◆ WHAT YOU WILL DO
When you reach the line that contains "已按 [下一步 (Next)]。(要在", set down that line and every one after it through the end of the records, exactly as written and with no pictures.

◆ INPUT MATERIAL
______________________________

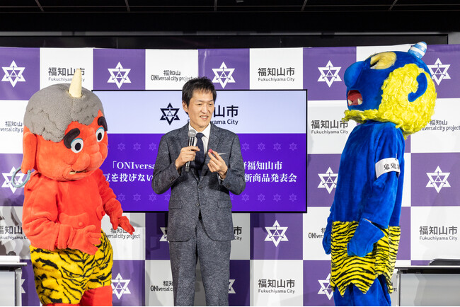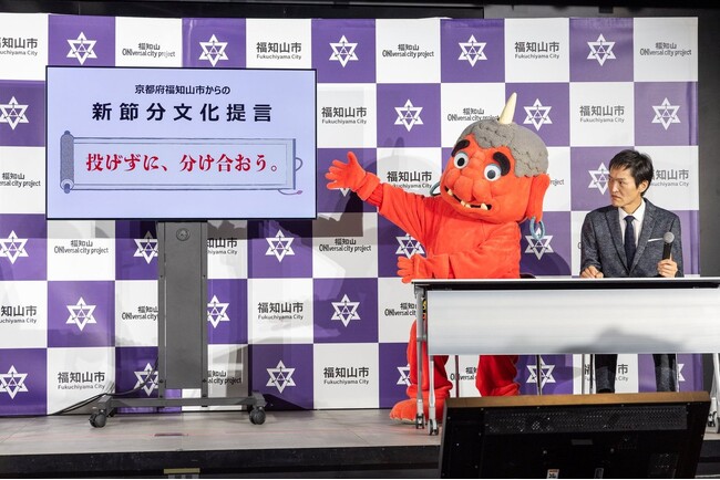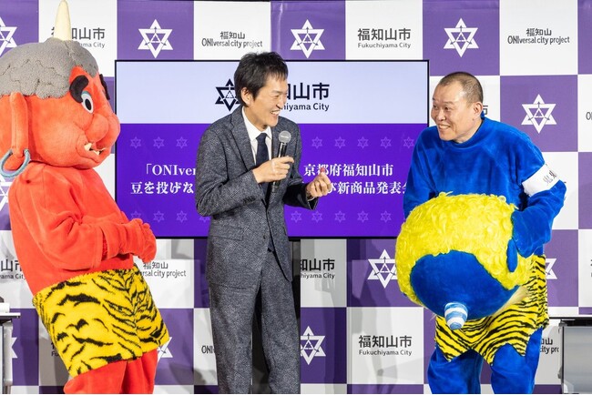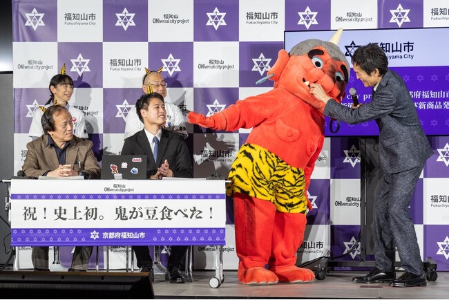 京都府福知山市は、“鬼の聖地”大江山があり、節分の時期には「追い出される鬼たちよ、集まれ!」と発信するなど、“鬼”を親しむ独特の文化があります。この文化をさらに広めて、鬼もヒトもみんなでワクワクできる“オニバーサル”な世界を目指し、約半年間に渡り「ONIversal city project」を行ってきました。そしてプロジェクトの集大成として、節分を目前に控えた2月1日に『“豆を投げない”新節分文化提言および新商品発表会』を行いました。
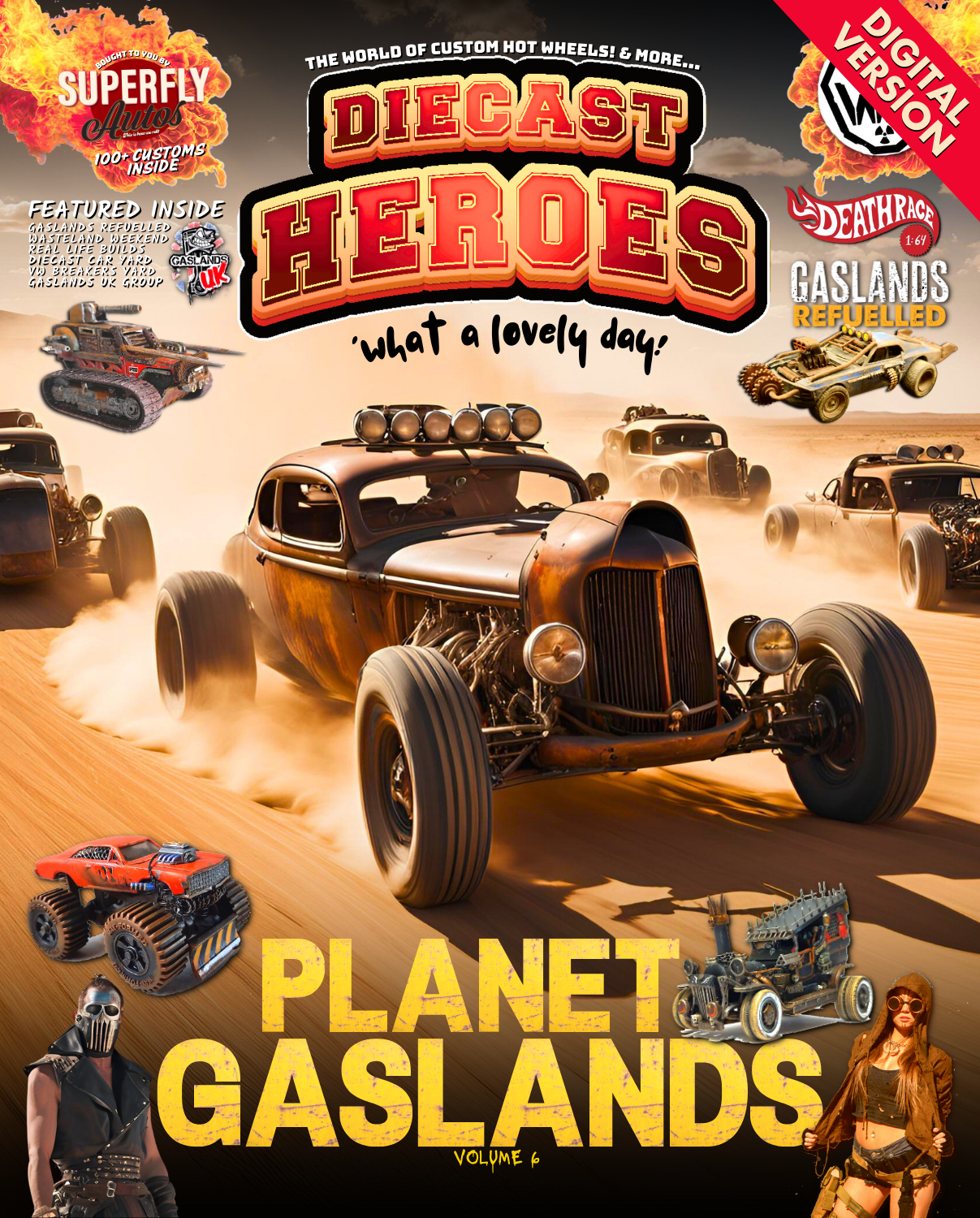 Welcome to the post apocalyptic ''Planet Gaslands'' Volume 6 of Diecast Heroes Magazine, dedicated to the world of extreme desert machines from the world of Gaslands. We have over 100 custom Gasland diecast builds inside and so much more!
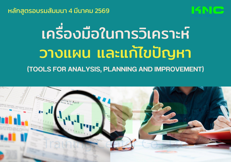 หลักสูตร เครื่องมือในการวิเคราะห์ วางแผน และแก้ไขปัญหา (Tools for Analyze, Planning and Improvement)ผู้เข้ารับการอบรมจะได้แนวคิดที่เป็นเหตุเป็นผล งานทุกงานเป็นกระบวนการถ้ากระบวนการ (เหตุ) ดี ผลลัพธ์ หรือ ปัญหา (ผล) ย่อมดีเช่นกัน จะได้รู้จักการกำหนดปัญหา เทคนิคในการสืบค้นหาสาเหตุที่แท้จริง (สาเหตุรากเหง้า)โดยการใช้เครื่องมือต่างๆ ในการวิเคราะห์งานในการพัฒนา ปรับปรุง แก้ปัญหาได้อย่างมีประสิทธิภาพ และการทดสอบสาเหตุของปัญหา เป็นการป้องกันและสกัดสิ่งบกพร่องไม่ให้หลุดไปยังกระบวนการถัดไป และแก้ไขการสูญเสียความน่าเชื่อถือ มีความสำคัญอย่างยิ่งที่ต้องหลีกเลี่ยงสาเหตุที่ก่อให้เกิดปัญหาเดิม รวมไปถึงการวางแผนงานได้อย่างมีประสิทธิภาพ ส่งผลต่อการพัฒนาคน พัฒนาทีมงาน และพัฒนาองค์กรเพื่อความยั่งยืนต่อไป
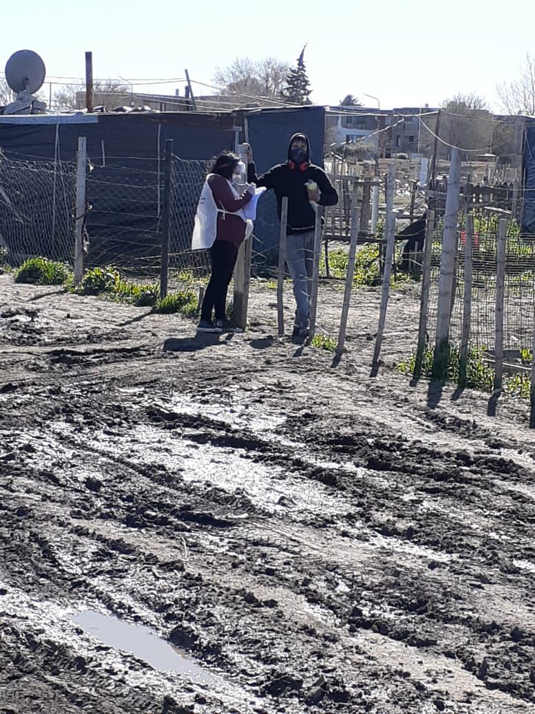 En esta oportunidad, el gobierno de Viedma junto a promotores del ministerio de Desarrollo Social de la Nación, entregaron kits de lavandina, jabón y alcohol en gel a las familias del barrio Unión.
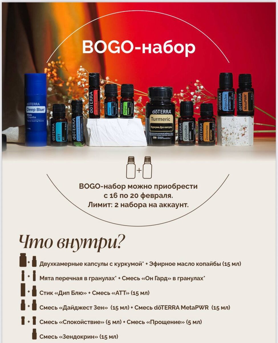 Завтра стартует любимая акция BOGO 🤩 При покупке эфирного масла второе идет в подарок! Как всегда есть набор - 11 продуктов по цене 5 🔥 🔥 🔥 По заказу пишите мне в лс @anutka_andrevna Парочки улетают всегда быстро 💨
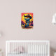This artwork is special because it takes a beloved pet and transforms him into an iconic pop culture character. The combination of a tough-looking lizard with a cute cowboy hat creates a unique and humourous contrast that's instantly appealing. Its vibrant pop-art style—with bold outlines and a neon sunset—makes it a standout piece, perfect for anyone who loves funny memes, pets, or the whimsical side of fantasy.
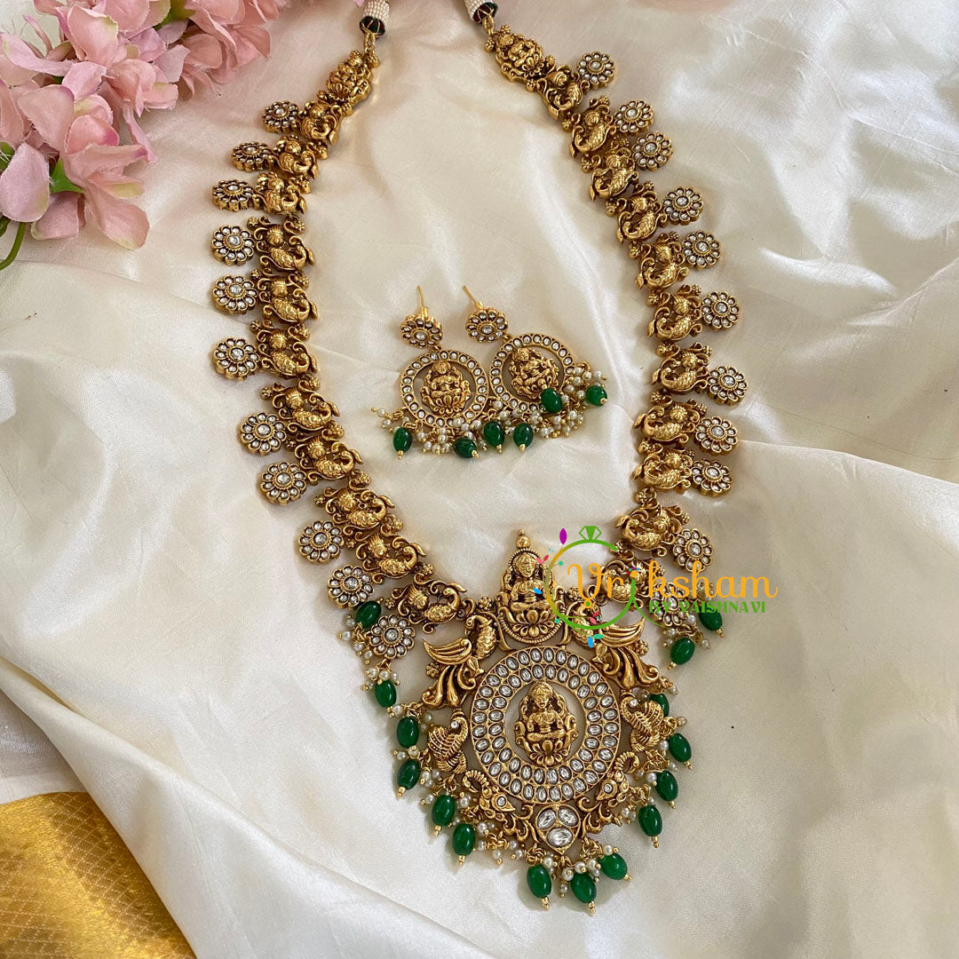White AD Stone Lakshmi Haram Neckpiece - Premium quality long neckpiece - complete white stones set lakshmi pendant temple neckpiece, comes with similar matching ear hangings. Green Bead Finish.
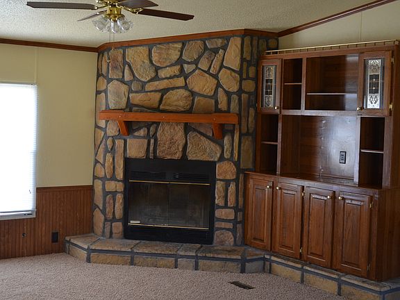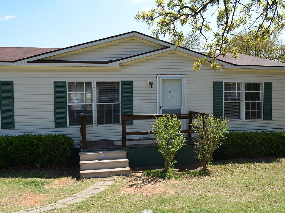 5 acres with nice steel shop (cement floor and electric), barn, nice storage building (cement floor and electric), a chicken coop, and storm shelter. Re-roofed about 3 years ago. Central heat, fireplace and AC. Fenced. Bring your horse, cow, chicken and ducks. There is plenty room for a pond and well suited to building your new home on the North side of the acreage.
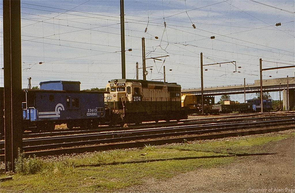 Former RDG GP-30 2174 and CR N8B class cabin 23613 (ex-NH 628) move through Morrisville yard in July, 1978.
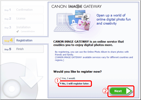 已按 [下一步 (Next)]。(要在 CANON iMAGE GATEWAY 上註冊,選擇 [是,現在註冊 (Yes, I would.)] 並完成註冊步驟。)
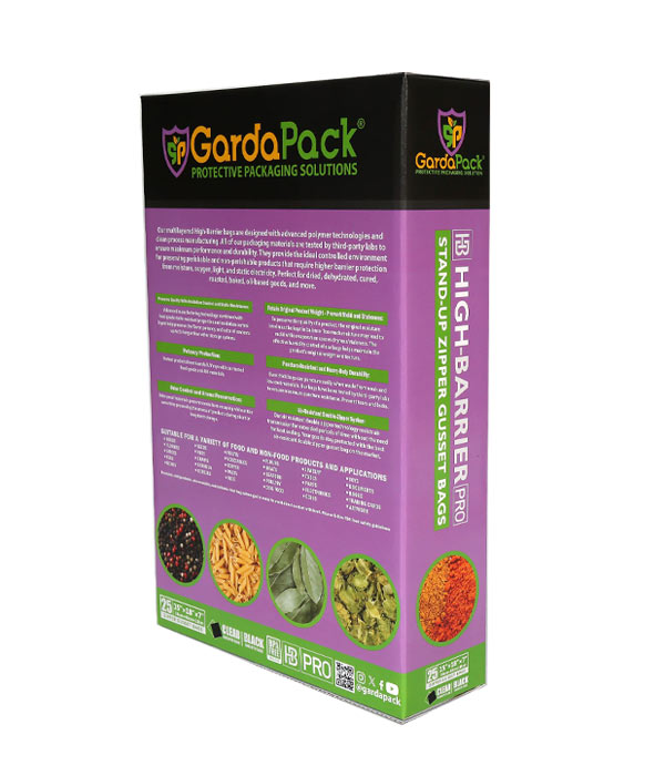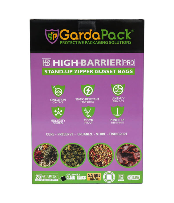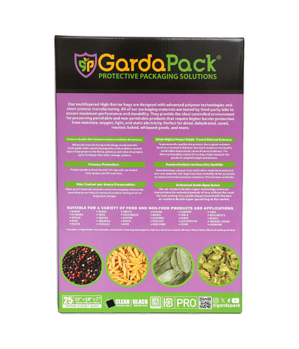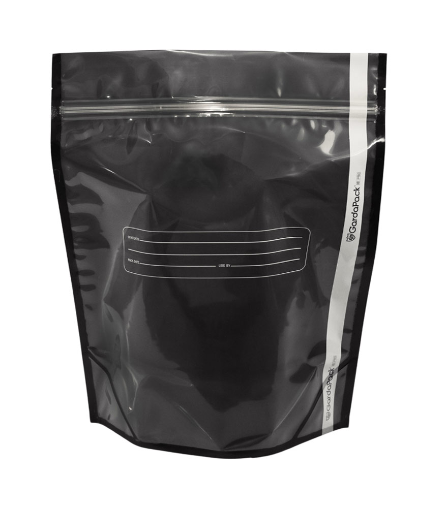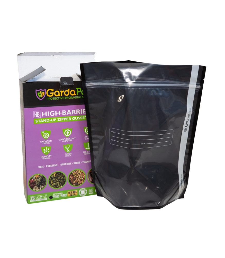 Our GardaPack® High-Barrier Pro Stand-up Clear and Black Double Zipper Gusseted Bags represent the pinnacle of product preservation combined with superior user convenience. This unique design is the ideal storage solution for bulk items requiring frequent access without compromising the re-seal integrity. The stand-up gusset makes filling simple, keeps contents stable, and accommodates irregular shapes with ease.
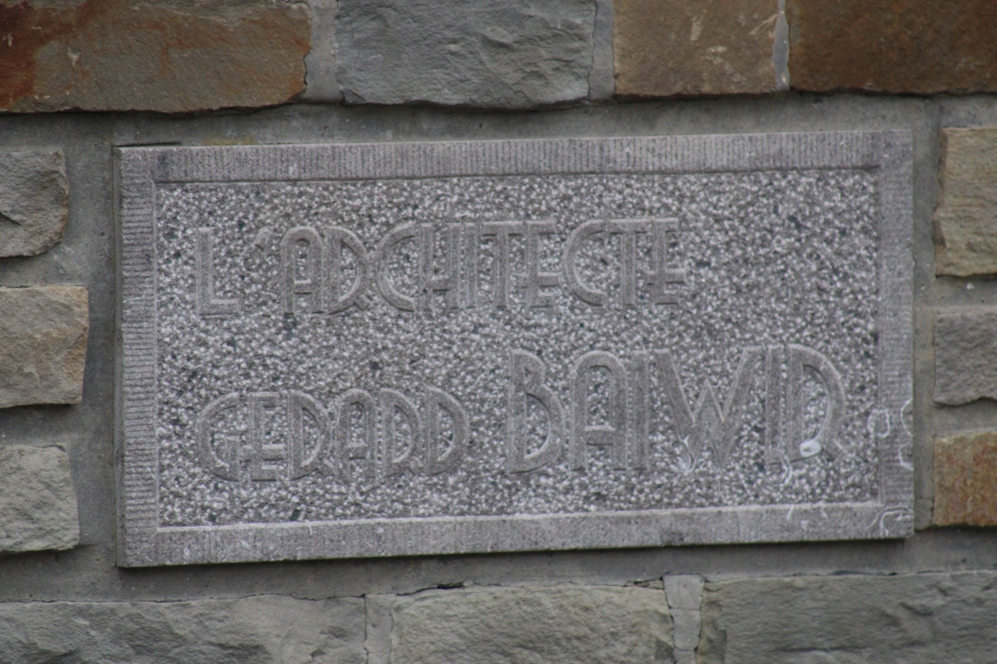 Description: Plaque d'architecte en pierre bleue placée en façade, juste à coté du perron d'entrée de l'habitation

______________________________

◆ EXERCISE OUTPUT
 已按 [下一步 (Next)]。(要在 CANON iMAGE GATEWAY 上註冊,選擇 [是,現在註冊 (Yes, I would.)] 並完成註冊步驟。)
 Our GardaPack® High-Barrier Pro Stand-up Clear and Black Double Zipper Gusseted Bags represent the pinnacle of product preservation combined with superior user convenience. This unique design is the ideal storage solution for bulk items requiring frequent access without compromising the re-seal integrity. The stand-up gusset makes filling simple, keeps contents stable, and accommodates irregular shapes with ease.
 Description: Plaque d'architecte en pierre bleue placée en façade, juste à coté du perron d'entrée de l'habitation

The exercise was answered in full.